In vitro differentiation of osteoclasts in the absence of KARAP/DAP12-mediated signaling. A: Osteoclasts were differentiated in vitro from control (left) and KΔ75 mice (right) bone marrow cells in the presence of M-CSF plus RANKL and then stained for TRAP activity. Large multinucleated TRAP-positive cells (OC) were obtained from WT but none from KΔ75 mice bone marrows. Arrows point to nuclei of multinucleated TRAP-positive osteoclasts. B: Osteoclast differentiation yields obtained using indicated stimuli from cultures of control (open bars) and KΔ75 (filled bars) bone marrow cells are represented by mean ± SEM of number of TRAP⁺ cells. Results from three independent experiments have been analyzed by the Student’s t-test (***, P < 0.001; **, P < 0.01). C: Osteoclasts were differentiated in vitro, in the presence of M-CSF plus RANKL, directly onto dentin slices. On day 7 of culture, resorption activity was evaluated in culture of control (left) and KΔ75 (right) bone marrow cells. Typical pits (brackets) are observed with WT but none with KΔ75-derived bone marrow cells. D: KΔ75 mice-derived osteoclast differentiation pathway is blocked early in vitro whereas osteoclast function is altered in vivo.

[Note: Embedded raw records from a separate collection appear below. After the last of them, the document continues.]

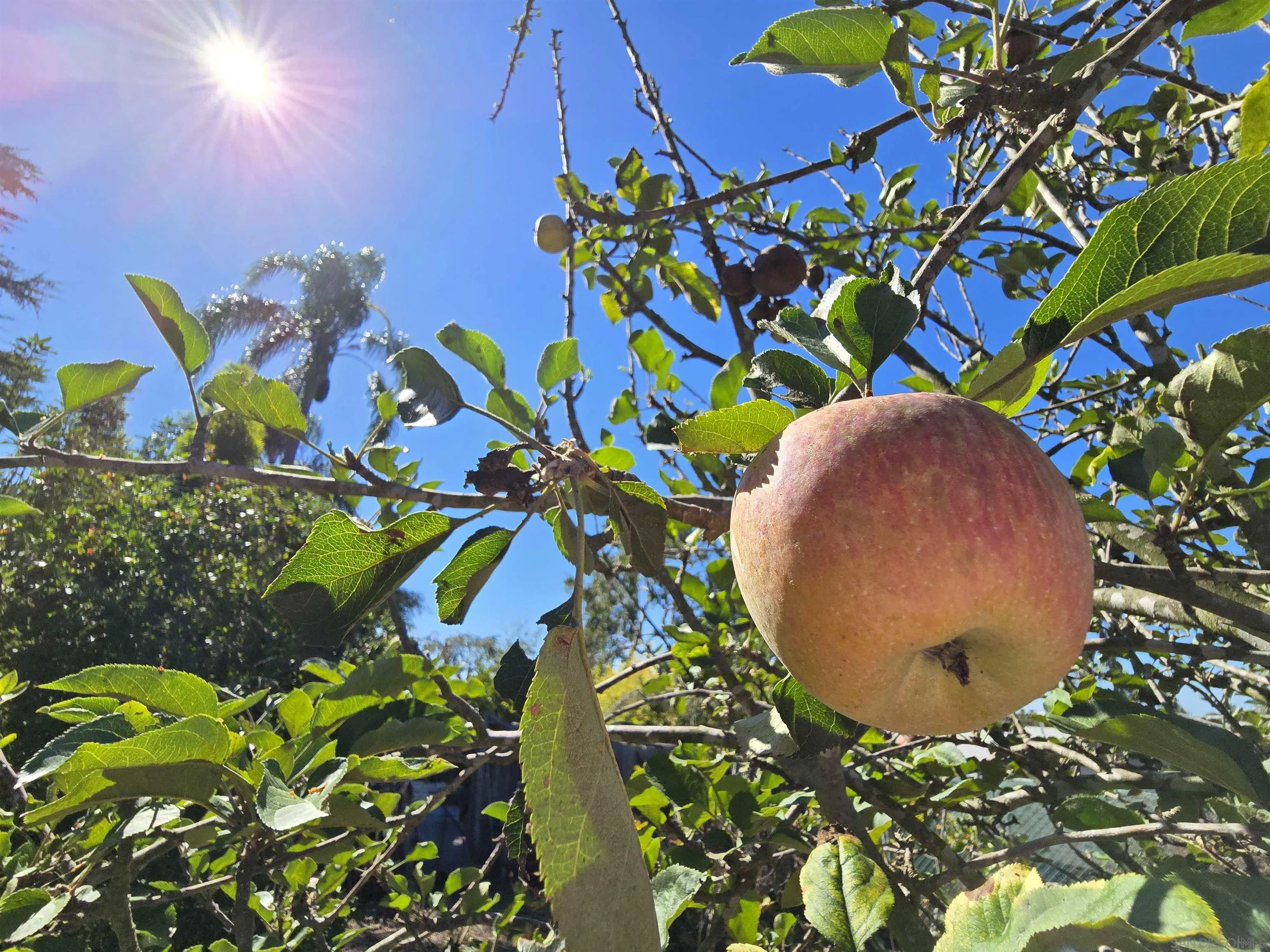 Welcome to this charming 3 bedroom, 2 bathroom with a bonus sunroom, not included in the sq. footage, orchard house single-story residence set on a generous 1.01-acre lot with over 80 mature fruit trees, offering comfort, character, and a delicious connection to nature in your own backyard. Fruit trees and an inviting Art Deco pergola grace the front entrance and patio, setting an earthy and stylish tone as you enter. The heart of the home features an updated kitchen that boasts vibrant custom cabinetry, sleek countertops, and stainless steel appliances—perfect for everyday living and effortless entertaining. Discover the convenience of a dedicated cooler room—a thickly insulated room ideal for extending the freshness of produce picked from the orchard. This versatile room also functions beautifully as a cool pantry or wine room. A large fireplace creates warmth and connection in the living room and a stunning sunroom spans the back of the home, capturing sweeping views of the orchard landscape and inviting you to bask in natural light through its array of windows. The thoughtful split-bedroom floor plan places two bedrooms and a full bathroom on one side of the home, while a private bedroom and additional bathroom create an ideal retreat on the other. A deck off the back of the house allows for outside entertaining/relaxing with an orchard view and an additional covered deck off of the side of the house can be used for gathering in the shade or keeping exercise equipment out of the rain.
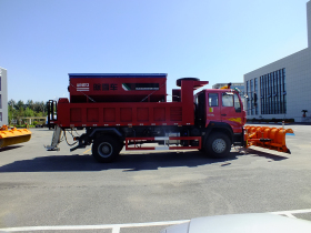 AD5165TCX型除雪车能快速清除冰雪,保证道路交通安全畅通,是您冬雪时节的好伙伴,它具有与众不同的功能:除雪速度快、撒布均匀、撒布量和撒布宽度随时可调。撒布宽度:3—15m,最大15m;撒布量:10—80g/m2最大80g/m2。除雪与撒布即可单独作业又可同时进行。夏季换上水罐后即可当洒水车使用、也可做护拦板清洗用。前置扫雪滚刷主要用于清扫100mm以下的新降浮雪,一般应安装于载质量8吨以上的汽车前部或装载机前部。除雪铲是由特殊曲线的板面及支承架组成的,能将路面积雪推出路面以外,除雪铲可随着路面的高低起伏变化而变化,以达到紧贴路面清净积雪的目的.
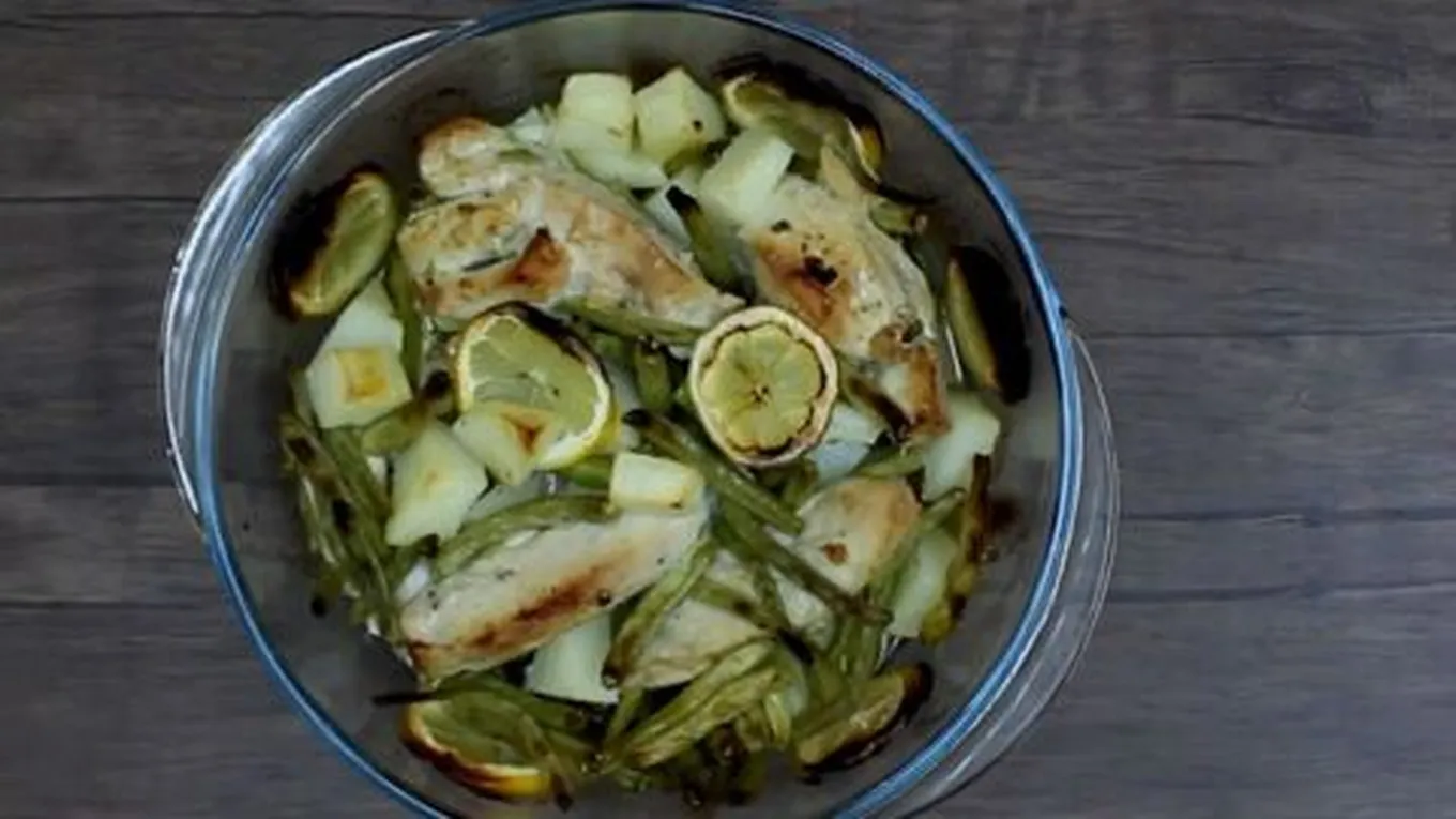 صينية دجاج بالبطاطس مدّة التحضير 15 دقيقة مدّة الطهي 60 دقيقة عدد الأشخاص 4المكوّناتدجاجة كاملة مقطّعة إلى قطع كبيرة.بشر قشر حبتان من الليمون.ربع كوب من

Cathepsin K (Cath K) and calcitonin receptor (CTR) expression levels from either osteoclasts obtained in vitro from bone marrow cells maintained for a week in the presence of M-CSF and RANKL or directly from bones, were assessed by reverse transcriptase-polymerase chain reaction. Osteoclasts obtained in vitro from KΔ75 mice expressed almost undetectable levels of cathepsin K and CTR in comparison with WT-derived osteoclasts (left). In contrast, both genes were expressed at the same levels in both KΔ75- and WT-derived bones (right). GAPDH mRNA level was used as an internal control. The results presented here are representative of at least three different experiments.

Figure 8

Differentiation of Flt3L-amplified cells in monocytic lineages. Bone marrow cells from control or KΔ75 mice were amplified in vitro in Flt3L for 6 to 11 days and differentiated as indicated below. A: For macrophage differentiation, Flt3L-amplified cells were cultured in the presence of M-CSF for 5 days and their ability to phagocyte latex beads was evaluated (dots in the cytoplasm). B: For DC differentiation, Flt3L-amplified cells were cultured in the presence of GM-CSF plus tumor necrosis factor-α for 6 days. The expression of the MHC II and CD40 antigen was evaluated by flow cytometry. C: For osteoclast differentiation, Flt3L-amplified cells were cultured in the presence of M-CSF plus RANKL for 6 days. The presence of osteoclasts was evaluated by TRAP staining and cell morphology (number of nuclei). Arrows point to osteoclasts. D: For microglial cell differentiation, bone marrow cells, amplified with Flt3L for 11 days, were cultured in the presence of GCCM. After 4 days of culture, ramified cells, defined as cells displaying at least one process three times longer than the cell body diameter, were very sparse in cultures derived from KΔ75 mice whereas they represented more than 20% of cells in cultures derived from WT mice. The results presented here are representative of at least three different experiments.